Now the regex uses alternation (the character |), which means or. That means the regex tests for {{UDA_x}} or descricao_x. In each, the digits are in parentheses, so each one forms a capture group.

Then just test which of the groups was captured. If it was group 1, it means that regex found an occurrence of {{UDA_x}}, and just exchange for descricao_$1. If it was Group 2, that means it was found descricao_x, and just exchange for {{UDA_$2}} (notice that I used $2, because now the digits are in the second capture group - since it is the second pair of parentheses of the regex).

If you want, you can still check if what you have before the template is "a name followed by two dots":

Matcher matcher = Pattern.compile("(?<=\\w+:)(?:\\{\\{UDA_(\\d+)\\}\\}|descricao_(\\d+))").matcher("");

I use a lookbehind, that only checks if something exists before, but that something is not part of the match, and is therefore not replaced. In this case, the lookbehind is (?<=\\w+:) (one or more letters/numbers/_, followed by two points).

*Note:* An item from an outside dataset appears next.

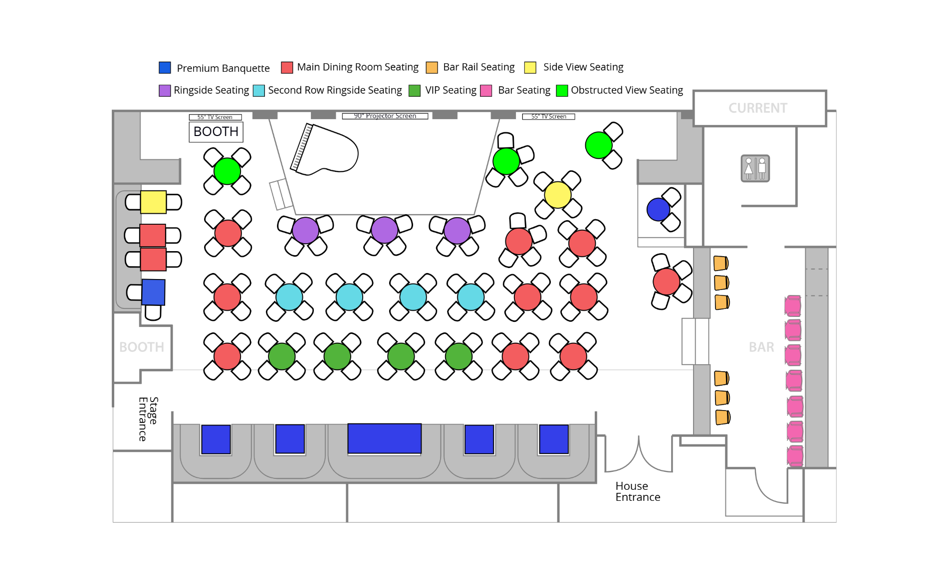 Premium Seating guarantees you either a booth that accommodates up to 5 guests OR the only table for two. Premium Seating is also cabaret style, depending on the size of your party.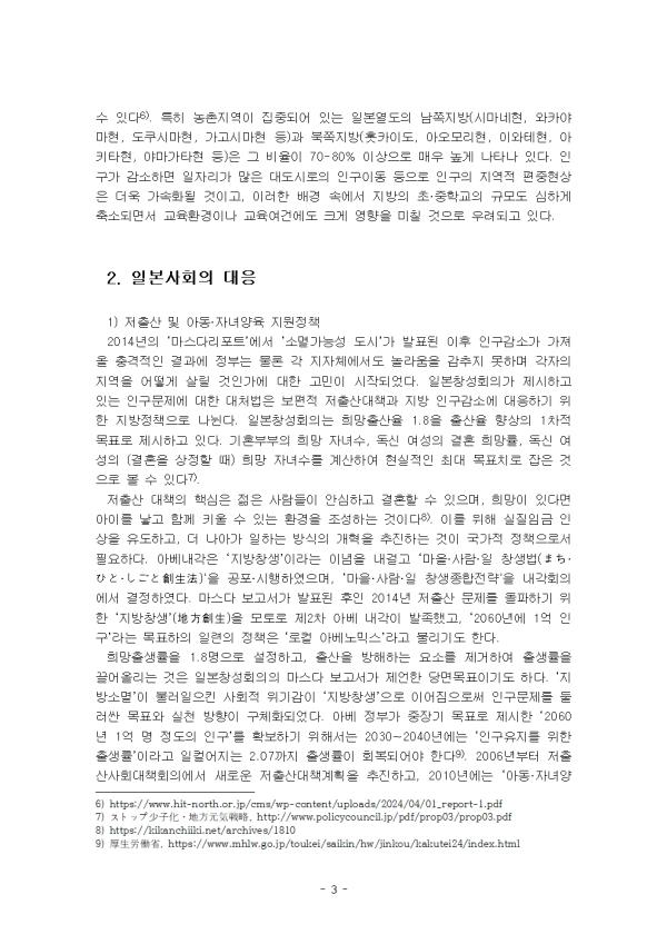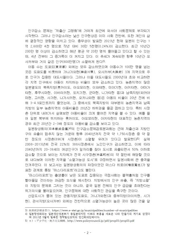 ÀϺ»Á¤ºÎ´Â Áö¿ª°³¹ß Á¤Ã¥ÀÇ ¸ñÇ¥¸¦ °ø¾÷ÀÔÁöÀÇ È®Ãæ¿¡ µÎ¾ú´Ù. ÀϺ»Á¤ºÎ°¡ Àû±ØÀûÀ¸·Î ³ª¼¼ µµ·Î³ª Ç׸¸, »ê¾÷¿ë¼ö, ÁÖÅôÜÁö µîÀÇ »ê¾÷Ȱµ¿ÀÇ ÀÎÇÁ¶ó¸¦ °Ç¼³ÇÏ°í ±â¾÷µé¿¡°Ô Àú¸®ÀÇ À¶ÀÚ, ¼¼±Ý°¨¸é µîÀÇ ÇýÅÃÀ» Á¦°øÇÔÀ¸·Î½á Àû±ØÀûÀ¸·Î ±â¾÷Ȱµ¿À» ÇÒ ¼ö ÀÖµµ·Ï À¯µµÇÏ¿´´Ù. ¹Ý¸é, ³óÃÌ¿¡¼´Â °íµµ¼ºÀå±â¿¡ ÀþÀº ¼¼´ë¿Í ³²¼ºµéÀÌ µµ½Ã·Î ´ë°Å À¯ÃâÇÔÀ¸·Î½á °ú¼ÒÈ ¹®Á¦°¡ ¹ß»ýÇß´Ù. °ú¼Ò¹®Á¦´Â ³óÃÌÀ̳ª ¾îÃÌ, »êÃÌÀÇ ´ëºÎºÐÀÇ Áö¿ª¿¡¼ ÀϾ´Âµ¥, Áö¿ª¿¡ µû¶ó¼´Â Àϰ¡ Àüü°¡ Ã̶ôÀ» ¶°³ª°í ½ÉÁö¾î´Â Ã̶ô Àüü°¡ À̵¿ÇÏ´Â °æ¿ìµµ ÀÖ¾ú´Ù. ÀϺ»Àº ¼¼°è ¾î´À ³ª¶óº¸´Ùµµ ÀúÃâ»ê¡¤°í·ÉȰ¡ ÀÏÂï ½ÃÀÛµÈ ³ª¶óÀÌ´Ù. ÇÏÁö¸¸ 2014³â ¸¶½º´Ù ¸®Æ÷Æ®´Â 896°³ÀÇ Áö¹æ ÀÚÄ¡ ´Üü°¡ ¼Ò¸êÇÒ °¡´É¼ºÀÌ ÀÖ´Ù°í Á¦½ÃÇÏ¿´´Ù. ÁÖ¸ñÇÑ °ÍÀº 20´ë¿¡¼ 30´ë ¿©¼º Àα¸ÀÌ´Ù. ÀÌ Àα¸ÃþÀÌ 2040³â±îÁö Àý¹Ý ÀÌÇϰ¡ µÉ ÁöÀÚü¸¦ ÃßÃâÇß´Ù. ÀÌ °á°ú, 896°³ ÁöÀÚü¸¦ '¼Ò¸ê °¡´É¼º µµ½Ã'·Î ÁöĪÇϸç Àα¸ °¨¼Ò°¡ °¡¼ÓÈµÇ¾î °á±¹ ¼Ò¸êÇÒ ¼ö ÀÖ´Ù°í °æ°íÇß´Ù. ÀϺ»Á¤ºÎ´Â °ú¼Òȹ®Á¦¿Í ±×·Î ÀÎÇÑ Áö¿ª»çȸÀÇ ºØ±«¸¦ ¸·±â À§ÇØ °ú¼ÒÁö¿ª´ëÃ¥±ä±ÞÁ¶Ä¡¹ý(ΦáÃò¢æ´ÓßóþÑÌÐáðÂöÇÛö)À» ºñ·ÔÇØ Áö±Ý±îÁö ¿©·¯ ¹ý·üÀ» Á¦Á¤ÇÏ¿´´Ù. À̸¦ ÅëÇØ °ú¼ÒÁö¿ªÀÇ °ÅÁÖÁ¶°ÇÀ» À¯ÁöÇϱâ À§ÇÑ °¢Á¾ ÀçÁ¤Áö¿ø µîÀÇ ³ë·ÂÀ» Çϰí ÀÖÁö¸¸ °ú¼Ò¹®Á¦ÀÇ ±¸Á¶Àû »Ñ¸®°¡ ±íÀº ¸¸Å ½±»ç¸® ÇØ°áµÇÁö ¾Ê°í ÀÖ´Ù. ÀþÀºÃþÀÌ »ç¶óÁø ³óÃÌÀÇ ³ëµ¿·ÂÀº °í·ÉÈ, ¿©¼ºÈµÇ°í ÀÖÀ¸¸ç ´ÙÀ½ ¼¼´ë¸¦ À̾ ÈİèÀÚ¸¦ È®º¸ÇÏÁö ¸øÇØ »ý»êÀÚü°¡ Ãà¼ÒµÇ°í ÀÖ´Ù. ¶ÇÇÑ ´ÙÀ½ ¼¼´ëÀÇ Àç»ý»êµµ ÀÌ·ç¾îÁöÁö ¸øÇÔÀ¸·Î½á Àα¸ÀÇ ÀÚ¿¬°¨¼Ò°¡ ÁøÇàµÇ°í °í·ÉÀÚ¸¸ÀÌ Áö¿ªÀ» ÁöŰ´Â °í·ÉÈÇö»óÀÌ ½É°¢ÇÏ°Ô ÀϾ°í ÀÖ´Ù. ½ÇÁ¦·Î °í·Éȵµ ÁøÇàµÇ¾î 2050³â¿¡´Â Àα¸ÀÇ Àý¹ÝÀÌ 65¼¼ ÀÌ»óÀÇ ³ëÀÎÀÌ µÉ °ÍÀ¸·Î ¿¹»óµÈ´Ù. ÀÌ ·¹Æ÷Æ®´Â Çö´ëÀϺ»»çȸ·Ð °ú¸ñ¿¡¼ ´Ù·é ÇöÀç ÀϺ»»çȸ°¡ Á÷¸éÇÑ ´Ù¾çÇÑ ¹®Á¦ Áß¿¡¼ Á¦5Àå Áö¿ª°ÝÂ÷¿Í Áö¹æÀÇ °úÁ¦ÀÇ ³»¿ë¿¡¼ Áö¹æ¼Ò¸ê(Áö¹æÃ¢»ýÁ¤Ã¥)À» Áß½ÉÀ¸·Î ÇØ´ç ¹®Á¦ÀÇ ÇöÀç »óȲ°ú ÀϺ»»çȸÀÇ ´ëÀÀ, ÇâÈÄ °úÁ¦ µîÀ» Á¾ÇÕÀûÀ¸·Î Á¦½ÃÇÑ °úÁ¦¹°À» ÀÛ¼ºÇÏ¿´´Ù. II. º» ·Ð 1. ÀϺ»ÀÇ Áö¹æ¼Ò¸ê ÇöȲ Àα¸°¨¼Ò ¹®Á¦´Â ¡®ÀúÃâ»ê °í·ÉÈ¡¯¿¡ °¡·ÁÁ® ÃÖ±Ù¿¡ ¿Í¼¾ß »çȸ¹®Á¦·Î ºÎ°¢µÇ±â ½ÃÀÛÇß´Ù. ±×·¯³ª Àα¸°¨¼Ò¶ó´Â ³¸¼± Àα¸Çö»óÀº ÀÌ¹Ì »çȸ Àü¹Ý¿¡, ¶ÇÇÑ °³ÀÎÀÇ »î¿¡ °áÁ¤ÀûÀÎ ¿µÇâÀ» ¹ÌÄ¡°í ÀÖ´Ù. Ãѹ«¼ºÀÌ ¹ßÇ¥ÇÑ 2023³â ÇöÀç ÀϺ»ÀÇ Àα¸´Â 1¾ï 2,600¸¸ 4õ ¸íÀ¸·Î À۳⠴ëºñ 30¸¸ 5õ¸í(0.24%)ÀÌ °¨¼ÒÇß´Ù. ÃÖ±Ù 10³â°£ 200¸¸ ¸í ÀÌ»óÀÌ °¨¼ÒÇÏ¿´°í ¸Å³â Æò±Õ ¾à 20¸¸ ¸í¾¿ ÁÙ¾îµé°í ÀÖ´Ù°í ÇÒ ¼ö Àִµ¥, 4³â ÀüºÎÅÍ ±× Áõ°¡ÆøÀÌ ´õ Ä¿Áö°í ÀÖ´Ù. ÀÌ Ãß¼¼°¡ °è¼ÓµÇ¸é ÇâÈÄ 10³â°£ ¿À»çÄ«ºÎ¿Í °ÅÀÇ °°Àº Àα¸(800¸¸¸í)°¡ ¼Ò¸êÇÏ°Ô µÈ´Ù. ¾Æµ¿ ¼ö´Â µµÄìµµ(ÔÔÌÈÔ´) ¿Ü¿¡´Â ¸ðµÎ °¨¼ÒÇÏ¿´À¸¸ç ¾Æµ¿¼ö°¡ 100¸¸ ¸íÀ» ³Ñ´Â °÷Àº µµÄìµµ¸¦ ºñ·ÔÇÏ¿© °¡³ª°¡¿ÍÇö(ãêÒ¯ô¹県), ¿À»çÄ«ºÎ(ÓÞø¡Ý¤) 3°³ Áö¿ªÀ¸·Î ÁÖ·Î Àα¸°¡ ÁýÁßµÈ ´ëµµ½ÃµéÀÌ´Ù. ±×·¯³ª ÀÌµé ´ëµµ½Ãµéµµ 2000³â´ë ÃÊ¿Í ºñ±³ÇÏ¸é °¢ Áö¿ª Àα¸¿¡¼ ¾Æµ¿ÀÌ Â÷ÁöÇÏ´Â ºñÀ²ÀÌ ¸ðµÎ °¨¼ÒÇϰí ÀÖ´Ù. ³óÃÌÁö¿ªÀÌ ¸¹Àº ÀϺ»¿µµÀÇ ºÏÂÊÁö¹æ(ȪīÀ̵µ, ¾Æ¿À¸ð¸®Çö, ÀÌ¿ÍÅ×Çö, ¹Ì¾ß±âÇö, ¾ÆÅ°Å¸Çö, ¾ß¸¶°¡Å¸Çö, ÈÄÄí½Ã¸¶Çö, À̹ٶóŰÇö, µµÄ¡±âÇö, ±º¸¶Çö, ´Ï°¡Å¸Çö µî)°ú ³²ÂÊÁö¹æ(¿ÍÄ«¾ß¸¶Çö, °íÄ¡Çö, »ç°¡Çö, ³ª°¡»çŰÇö, ¿ÀŰ³ª¿ÍÇö µî)Àº ¾Æµ¿ÀÇ ºñÀ²ÀÌ 20³â Àü¿¡ ºñÇØ 3-4.9Æ÷ÀÎÆ®±îÁö ÁÙ¾ú´Âµ¥, ±× Áß¿¡¼µµ ºÏÂÊÁö¹æÀÇ ´ëºÎºÐÀÇ ³óÃÌÁö¿ª°ú ³²ÂÊÁö¹æÀÇ ÀϺΠ³óÃÌÁö¿ªÀÇ ¾Æµ¿ºñÀ²Àº 20³â°£ ÇÏÀ§±ÇÀ» ÁÙ°ð Á¡Çϰí ÀÖ´Ù. ƯÈ÷ ½ÃÁ¤ÃÌ ´ÜÀ§·Î ³»·Á°¡¼ »ìÆìº¸¸é ¾Æµ¿ºñÀ²ÀÌ Å©°Ô ÁÙ¾îµç Áö¿ªÀ» º¼ ¼ö ÀÖ´Ù. ¿¹¸¦ µé¾î ÀϺ» ºÏºÎ¿¡ À§Ä¡Çϴ ȪīÀ̵µ, ¾Æ¿À¸ð¸®Çö, ¾ÆÅ°Å¸ÇöÀÇ ´ëÇ¥ÀûÀÎ ³óÃÌÁö¿ªÀÇ °æ¿ì ÃÖ±Ù 20³â°£ 2-3¹è Á¤µµÀÇ ¾Æµ¿ºñÀ² °¨¼Ò¸¦ º¸À̰í ÀÖ´Ù. ÀϺ»Ã¢¼ºÈ¸ÀÇ(ìíÜâóÜà÷会ì¡) ÀϺ»Ã¢¼ºÈ¸ÀÇ´Â ÀϺ»»ý»ê¼ºº»ºÎ°¡ µ¿ÀϺ»´ëÁöÁø ÀÌÈÄÀÇ ºÎÈïÀ» »õ·Î¿î ³ª¶ó ¸¸µé±âÀÇ °è±â·Î »ï°Ú´Ù¸ç 2011³â 5¿ù¿¡ ¹ßÁ·ÇÑ Á¤Ã¥¹ß½ÅÁ¶Á÷ÀÇ ¹Î°£È¸ÀÇ´ÜüÀÌ´Ù. ÀÇ Àα¸°¨¼Ò¹®Á¦°ËÅäºÐ°ú

Then I group the rest of the regex in parentheses, but so that it does not become a capture group (and interfere with the existing groups 1 and 2), I use (?:, which turns the parentheses into a catch group (that is, this pair of parentheses does not create the special variables, such as $1 and $2). So the rest of the code can remain the same, without having to change the number of groups.

That is, if you test this regex with the string "teste:{{UDA_1}}, teste2:descricao_2, {{UDA_3}}", the stretch {{UDA_3}} will not be replaced as it does not have a name (one or more letters, numbers or _) followed by : just before him.

If you want to be more specific, you can change the \\w+ for something like [a-zA-Z]+ (one or more letters of a to z, uppercase or lowercase). Adapt according to what you need.